File Shapes match Values match
0.codes.pt Yes No
0.residuals.pt Yes No
1.codes.pt Yes No
1.residuals.pt Yes No
2.codes.pt Yes No
2.residuals.pt Yes No
avg_residual.pt Yes No
buckets.pt Yes No
centroids.pt Yes No
ivf.pid.pt No No

The changes in from 0.2.21 to 0.2.22 result in nearly wholesale index artifact changes.

ConditionalQA Retrieval Metrics

I compared aggregate and query-level metrics as well as raw retrieved passage IDs between the two colbert-ai installations.

PyTorch version Transformers version Mean Recall@10 Mean MRR@10
1.13.1 4.38.2 0.1309418985666801 0.1769138405669771
2.8.0 4.55.0 0.12709371722772383 0.17931236455221697

The changes in PyTorch (1.13.1 --> 2.8.0) and Transformers (4.38.2 --> 4.55.0) result in a decrease in Mean Recall@10 and increase in Mean MRR@10. On average there is 1 different passage retrieved per query between the two versions.

Here are the query-level differences in metrics, where "Increase" means the metric increased in the 0.2.22 install (relative to 0.2.21).

Recall@10 Difference Count
Equal 264
Decrease 4
Increase 3
MRR@10 Difference Count
Equal 256
Decrease 8
Increase 7

In most cases the query-level metrics are equal for 0.2.21 and 0.2.22. There are 4 queries for which Recall@10 decreases and 8 queries for which MRR@10 decreases for 0.2.22.

Training Dynamics (MS MARCO)

I trained the default bert-base-uncased model for 1000 batches with collection.tsv, queries.train.tsv and triples.train.small.json (JSON file created from the available tsv).

0.2.22 results in a higher training loss, higher mean positive document score and higher mean negative document score.

image

Multi-GPU Setting

I also ran indexing, search and training for the two colbert-ai installs on 4 x L4 GPUs.
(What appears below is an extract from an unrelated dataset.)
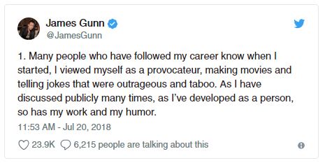 詹姆斯岡恩也在推特上為他昔日「不雅笑話」道歉,他表示:「近 10 年前,我當時的言論是完全失敗、不幸、麻木不仁的,不管時間過了多久,我理解並接受今天(迪士尼)做出的決定。即使是這麽多年以後,我依然要對我當時的言行負責。我現在所能做的,除了表達我真誠和衷心的歉意之外,就是盡我所能去做一個更好的人:接納、理解、致力於平等。對公開言論我有義務更加深思熟慮,對於我所在行業內外的每一個人,我再次向他們表示深深的歉意,愛所有的人。」

For indexing, the results are similar---all but one index tensor's shapes match, none of the index tensor values match.

In the case of multi-GPU search, the Mean Recall@10 and Mean MRR@10 both decrease for 0.2.22:

PyTorch version Transformers version Mean Recall@10 Mean MRR@10
1.13.1 4.38.2 0.1290968801164956 0.17891261055467697
2.8.0 4.55.0 0.12869273321788374 0.17573361447900193

At the query-level, multi-GPU search results in a net of 2 lower MRR@10 values for 0.2.22.

Recall@10 Difference Count
Equal 267
Decrease 2
Increase 2
MRR@10 Difference Count
Equal 253
Decrease 10
Increase 8

For multi-GPU training, 0.2.22 results in a lower training loss, and similar mean positive and negative scores.

image

Backwards Compatibility

Installing colbert-ai[torch]==0.2.22 with transformers==4.38.2 yields identical index, search and training artifacts as colbert-ai[torch]==0.2.21 with transformers==4.38.2.


In conclusion, while using the latest PyTorch and Transformers versions yields different index artifacts and thus different retrieval results as well as different training logs, the core functionality is not broken in 0.2.22. With this deprecated AdamW fix, users can now install pip install colbert-ai without error, install the latest transformers and torch version, and use the core functionality. The differences between index, search and training across different PyTorch versions will be investigated and documented before colbert-ai's torch dependency is changed to 2.x.